Soms moet u implementeren vanaf verschillende locaties. Voorbeeld:

  • Vanuit een lokaal bestand.
  • Vanaf een externe of externe locatie met behulp van een URI (Uniform Resource Identifier).

Beide methoden omvatten de optie voor het gebruik van een parameterbestand.

Wanneer u een sjabloon implementeert, moet u een resourcegroep opgeven die de resources bevat. Voordat u de implementatieopdracht uitvoert, maakt u de resourcegroep met behulp van de Azure CLI of Azure PowerShell.

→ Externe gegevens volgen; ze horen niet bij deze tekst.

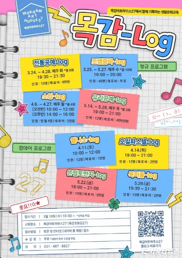 [시흥타임즈] 시흥시(시장 임병택)는 목감아트하우스27에서 운영하는 상반기 생활문화교육 ‘목감-로그(log)’ 참여자를 모집한다.

U moet tevens een naam opgeven voor de implementatie, zodat u deze gemakkelijk kunt herkennen in de implementatiegeschiedenis. Als u geen naam opgeeft voor de implementatie, wordt standaard de naam van het sjabloonbestand gebruikt. Als u bijvoorbeeld een sjabloon implementeert met de naam azuredeploy.json en geen implementatienaam opgeeft, krijgt de implementatie de naam azuredeploy.

U kunt voor het gemak ook een variabele maken waarin u het pad naar het sjabloonbestand opslaat. Met deze variabele kunt u de implementatieopdrachten eenvoudiger uitvoeren omdat u niet steeds het pad opnieuw hoeft op te geven.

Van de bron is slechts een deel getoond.